Zadziwiająca  osóbka pochyliła się do przodu, a jej ciemne oczy zabłysły. Elegancka  arystokratyczna panna zmieniła się nagle w czarującą psotnicę.

- Poza tym nie trzeba być geniuszem, by widzieć, że jesteś w nim zakochana, a on dla ciebie zupełnie stracił głowę. 

Do Agathy wreszcie coś dotarło i spłonęła rumieńcem. Kobieta, która nieproszona udzielała jej rad, miała dodać coś jeszcze, ale nagle obok przemknął kudłaty piesek, który do tej pory węszył wokół kosza na śmieci. Trzymał w pysku zatłuszczony papier po kanapce. Młoda dama z okrzykiem chwyciła go za kark i zaczęła mu wyrywać zdobycz.

- Ty głupi kundlu! Tam może być trutka na szczury! 

Kundel zawarczał, młoda kobieta zaczęła nim potrząsać, a… monsieur Henri Arnoux pocałował lady Agathę Whyte na oczach wszystkich podróżnych stojących na stacji! 

Ostatni raz ktoś pocałował lady Agathę kilka, nie, ponad dziesięć lat temu. Kolana się pod nią ugięły. Zatrzepotała powiekami i zamknęła oczy. Nagle powody, dla których miałaby mu odmówić, wydały się jej żałosne, a rada młodej kobiety miała w sobie mądrość Salomona.

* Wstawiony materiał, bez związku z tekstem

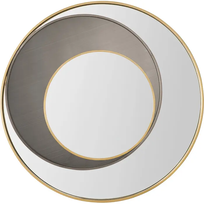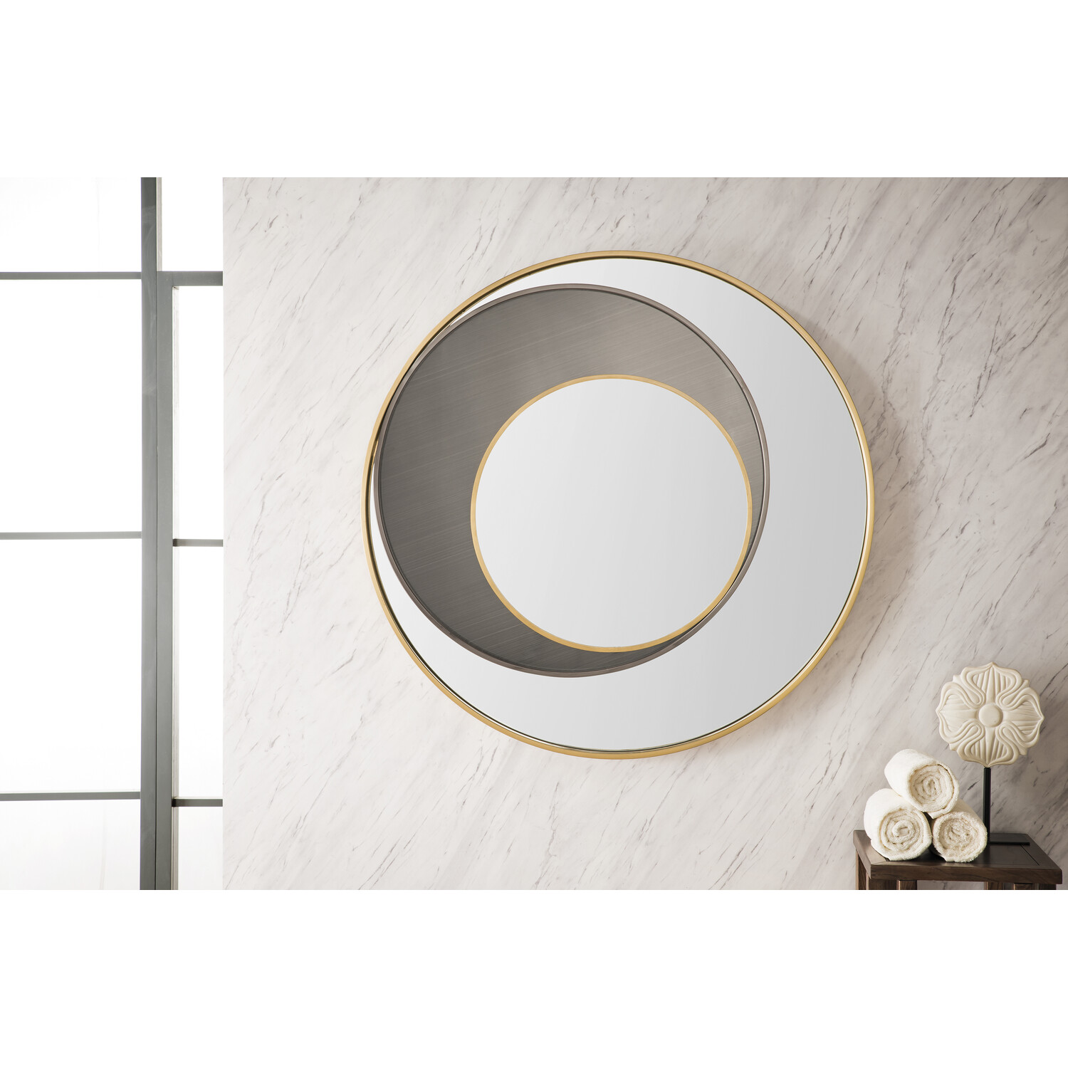 Add a modern element to your bathroom vanity with the Cosmos Mirror by James Martin Vanities. This modern mirror with its layered look gives you an updated twist on a classic round mirror with its simple use of geometric forms. The frame is made of stainless-steel metal that has a Radiant Gold finish on it that is accented not only by the premium glass itself but with a playfully off-center brushed Smokey Onyx colored half-moon. This unique mirror will make a wonderful addition to not only your bathroom vanity but can be used in any room as a wonderful focal point. This gorgeous mirror makes an impressive statement that is perfect for any living space in your home.Outer dimensions measure: 35.38" W x 1.63" D x 35.38" HRadiant Gold and Onyx frame is constructed of stainless steel making it both durable and moisture resistantMounting hardware includedMirrors are just as useful for decoration as they are for their functional applications. James Martin Vanities has a wide selection of mirrors featuring different sizes, shapes, styles, and colors, just about anything you might be looking for. We feel that a mirror gives you the potential to transform you home, making a room lighter and brighter and even giving you the illusion of a larger space. We offer a selection of both vanity and wall mirrors many of which are hand finished. So, take a minute to review our selection and find the perfect way to add that finishing touch that makes a house a home.1 year warranty against manufacturer's defects. We will repair or replace any defective product, if the product is defective in material or workmanship at our discretion. No warranty is expressed or implied regarding damages resulting from consumer misuse.

- Któż by pomyślał, gdy brałaś w swoje ręce przygotowania do ślubu mojej córki, że weźmiesz w nie również moje serce? - powiedział Arnoux, cofając się o krok. - Kocham cię, Agatho. Zostań moją żoną. Teraz, dzisiaj. Wyjedź ze mną do Francji. 

Jak przez mgłę Agatha usłyszała, że jej doradczyni wzdycha z zachwytu.

- Jest tak, jak mówi ta młoda dama, Agatho. Musisz zdecydować teraz, zaraz - mówił to z takim przekonaniem, a jego czarny wąsik drżał tak namiętnie, a jednak... a jednak... 

- Ależ monsieur Arnoux, co z Neli? - Agatha wskazała w kierunku, w którym dyskretnie oddaliła się jej pokojówka. - Co z moimi kuframi i rzeczami? Poza kilkoma osobistymi drobiazgami wszystko inne jest już w Little... 

Położył delikatnie palec na jej ustach. 

- Neli, oczywiście, pojedzie z nami. Co się tyczy twoich bagaży, jeśli masz tam coś, do czego jesteś bardzo przywiązana, to poślemy po nie później. Ale na razie, Agatho, pozwól, bym to ja kupował ci różne rzeczy. Pozwól mi cię ubrać, ozdobić klejnotami i rozpieszczać... 

- A niech mnie, pozwól mu! 

Młoda kobieta trzymała pieska w mocnym uścisku, połowę tłustego papierka miała w ręce, druga połowa tkwiła w pysku psa. Oboje, kobieta i pies, nawet na chwilę nie spuszczali brązowych oczu z Agathy. 

- Naprawdę? - wyszeptała Agatha, zaskoczona, że szuka rady u dziwnej nieznajomej. 

- Bez wahania. 

Wątpliwości Agathy zniknęły i poczuła się najszczęśliwszą kobietą na świecie. Henri Arnoux ujął jej twarz w dłonie. 

- Czy wyjdziesz za mnie, ma chere, mon coeurl 

- Bez wahania - odpowiedziała.

Pocałował ją mocno i obejmując w talii, pośpiesznie wyprowadził, ze stacji. Lady Agatha była tak oszołomiona i szczęśliwa, że nawet nie zauważyła, jak bilet wyleciał jej z ręki i spadł na ziemię niczym konfetti na ślubie. Ale zauważyła to kobieta siedząca na ławce.

- Cóż, powiedziałabym, że spełniliśmy dzisiaj nasz dobry uczynek, co, Mikrusie? - rzekła Letty Potts do psa.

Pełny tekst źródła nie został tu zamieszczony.